If f(1/10) = 0.0091, your approximation to it is T(1/10) = (1/10^)^2 - (1/10)^3 + (1/2)(1/10)^4 = 0.00905, so the actual error is 0.00005 = 5×10^-5.
To calculate the upper bound for the error, you do need to compute the fifth derivative. But what do you think you;'re doing evaluating that at 0.0091? This is a value of the function, not of x!

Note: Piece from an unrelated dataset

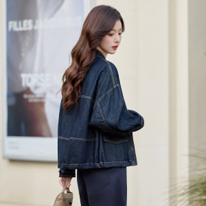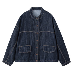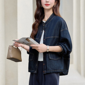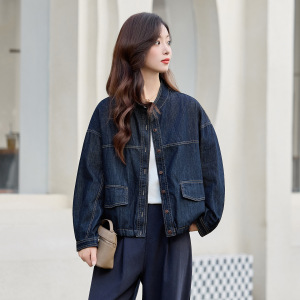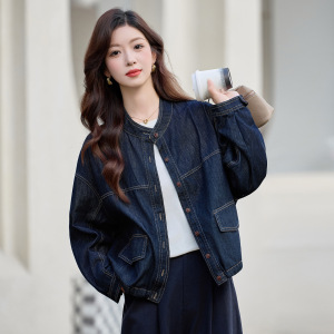 复古港风牛仔外套女2025秋季新款宽松休闲百搭长袖立领早春上衣潮

The error is given by -f""'(z) x^5 / 5! where z is some value between 0 and x, and x is the point at which you're evaluating (here x = 1/10). If the fifth derivative really is -(1/6) x^5, this will have maximum amplitude at z = x = 1/10, so an upper bound for the error is
|-(1/6)(1/10)^5| × (1/10)^5 / 5! = 1.39×10^-13.
Since the upper bound for the error is more than 7 orders of magnitude smaller than the actual error, it's obvious that some of the information you have given above is wrong. But without knowing what f is it's impossible for me to say what is wrong.
Here's a worked example for a similar problem that may help you to identify where you have gone wrong. Same question, but with f(x) = 1 / (1+x) = (1+x)^(-1).
First step: compute derivatives
f'(x) = -(1+x)^(-2)
f"(x) = 2 (1+x)^(-3)
f"'(x) = -6 (1+x)^(-4)
f""(x) = 24 (1+x)^(-5)
f""'(x) = -120 (1+x)^6
So the Maclaurin polynomial of degree 4 is
T(x) = f(0) + f'(0) x + f"(0) x^2 / 2 + f"'(0) x^3 / 3! + f""(0) x^4 / 4!
= 1 + (-1) x + 2 x^2 / 2 + (-6) x^3 / 6 + 24 x^4 / 24
= 1 - x + x^2 - x^3 + x^4
So our approximation of f(1/10) = 1 - 0.1 + 0.01 - 0.001 + 0.0001
= 0.9091
and the actual value of f(1/10) = 1 / (11/10) = 10/11 = 0.90909090... so the error is 9.09×10^-6 to 3 s.f.
The error is given by -f""'(z) (1/10)^5 / 5! for some z in (0, 1/10). Now f""'(z) = -120 (1+x)^6, which will have greatest amplitude when z = 1/10. So the error bound is
|-120 (1 + 1/10)^6| (1/10)^5 / 5! = 1.78×10^-5 to 3 s.f.
So the upper bound is a little less than twice the actual error in this case.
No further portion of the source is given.